### TASK TO COMPLETE
Write out the listing below without alteration, omitting its pictures.

______

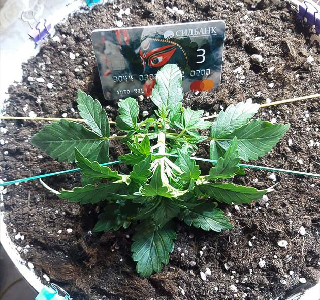 Растение развивается очень хорошо, быстрее, чем я ожидал. Пожалуй, это самый бодрый автоцвет на моем опыте. К 13-му дню уже разрослись боковые побеги, поэтому начал гнуть растишку по методике LST. До этого специально не поливал кустик 2 дня, чтобы он лучше гнулся, и я не повредил молодые стебли. Использую обычные резинки, в принципе, на фото всё отлично видно. Таким образом мне удаётся сформировать невысокие кустики, на которых сформируется много бутонов за счет развития боковых ветвей. После того как согнул малышку, дал по листу «Эпин» от Буйских, чтобы минимизировать стресс. На следующий день дал полдозы удобрений GHE (дозировка по инструкции).
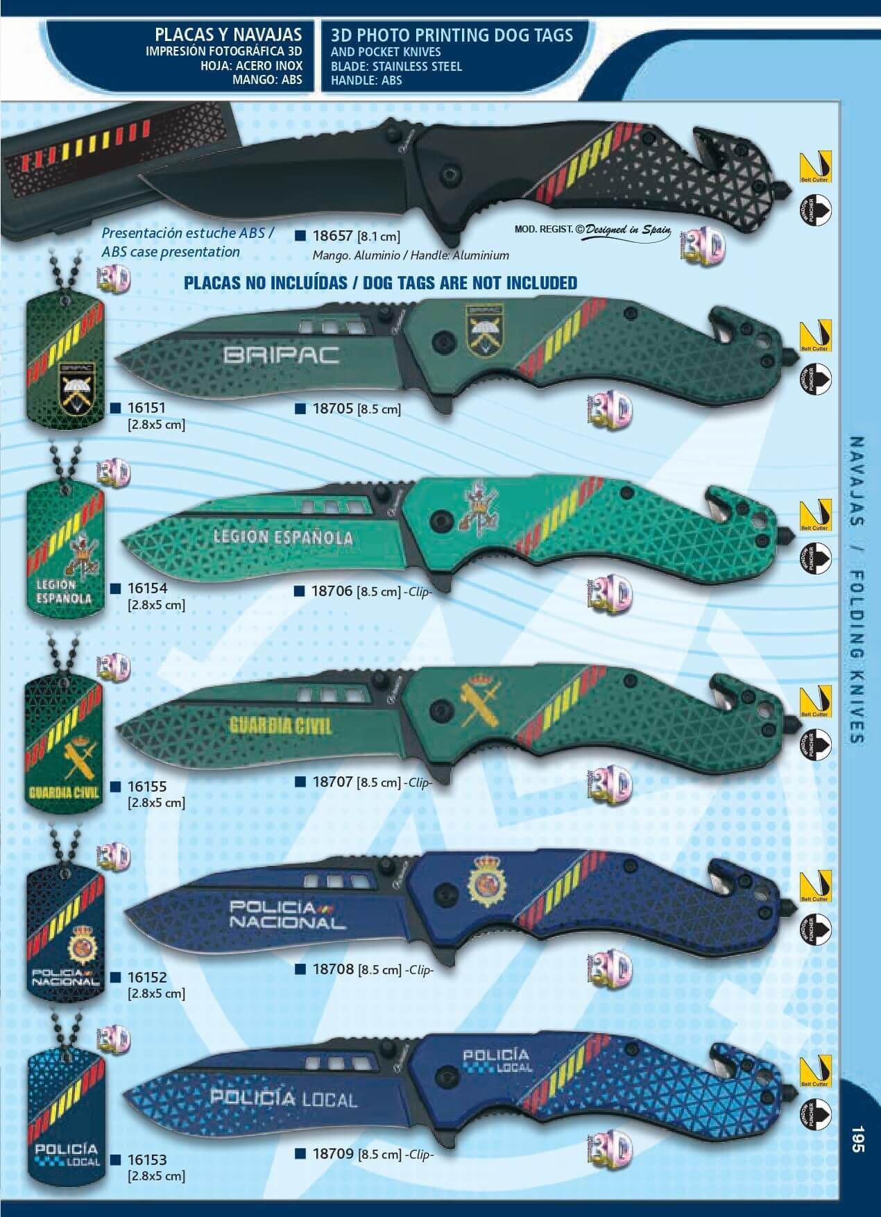 Placas y navajas con impresión fotográfica 3D, hoja de acero inoxidable y mango ABS
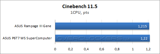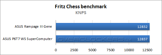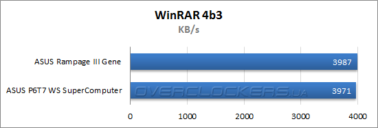 Само собой разумеется, Rampage III Gene использовала BIOS версии 0805. Ее соперницей выступила ASUS P6T7 WS SuperComputer — плата в форм-факторе CEB (305 x 269) для построения высокопроизводительных рабочих станций. Последняя тестировалась с BIOS v.1001. Приведенные ниже результаты являются средним значением по итогам двух бенч-сессий. Процессор и модули памяти на обеих платах работали в одинаковых режимах.
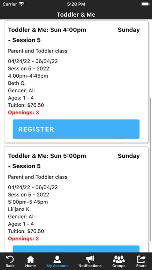 The Crossroads Elite Gymnastics Academy app allows you to manage your account with ease, register for classes, parties, and special events. You'll also receive important notifications about class changes, closings, registration openings, special announcements, and upcoming events.
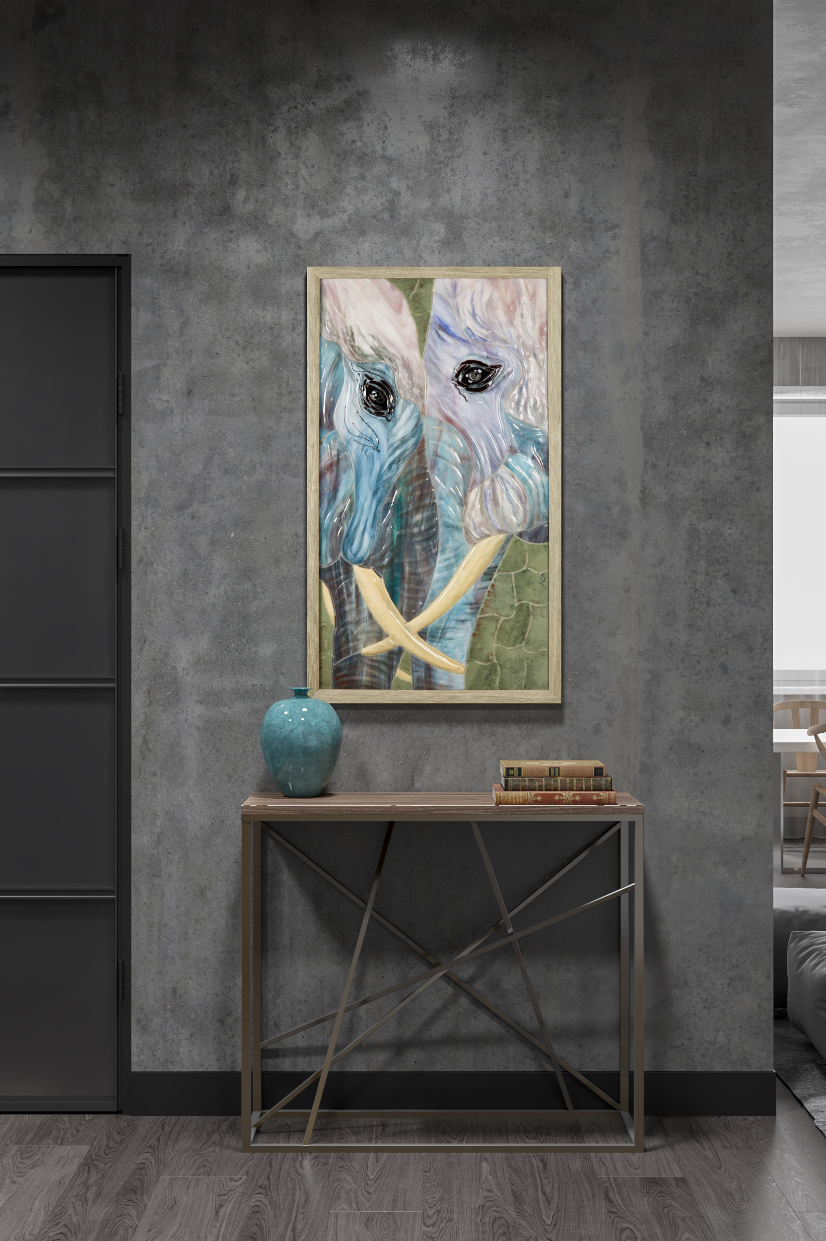 Слон — символ мира, доброты, мудрости, доверия и гармонии. Основное назначение этого талисмана защищать дом от негативной энергии, создавать атмосферу стабильности. Два слона, удваивают эти энергии. На картине изображено не только величие этих животных, но и их нежность и вечная любовь.

______

### EXPECTED OUTPUT
 Растение развивается очень хорошо, быстрее, чем я ожидал. Пожалуй, это самый бодрый автоцвет на моем опыте. К 13-му дню уже разрослись боковые побеги, поэтому начал гнуть растишку по методике LST. До этого специально не поливал кустик 2 дня, чтобы он лучше гнулся, и я не повредил молодые стебли. Использую обычные резинки, в принципе, на фото всё отлично видно. Таким образом мне удаётся сформировать невысокие кустики, на которых сформируется много бутонов за счет развития боковых ветвей. После того как согнул малышку, дал по листу «Эпин» от Буйских, чтобы минимизировать стресс. На следующий день дал полдозы удобрений GHE (дозировка по инструкции).
 Placas y navajas con impresión fotográfica 3D, hoja de acero inoxidable y mango ABS
 Само собой разумеется, Rampage III Gene использовала BIOS версии 0805. Ее соперницей выступила ASUS P6T7 WS SuperComputer — плата в форм-факторе CEB (305 x 269) для построения высокопроизводительных рабочих станций. Последняя тестировалась с BIOS v.1001. Приведенные ниже результаты являются средним значением по итогам двух бенч-сессий. Процессор и модули памяти на обеих платах работали в одинаковых режимах.
 The Crossroads Elite Gymnastics Academy app allows you to manage your account with ease, register for classes, parties, and special events. You'll also receive important notifications about class changes, closings, registration openings, special announcements, and upcoming events.
 Слон — символ мира, доброты, мудрости, доверия и гармонии. Основное назначение этого талисмана защищать дом от негативной энергии, создавать атмосферу стабильности. Два слона, удваивают эти энергии. На картине изображено не только величие этих животных, но и их нежность и вечная любовь.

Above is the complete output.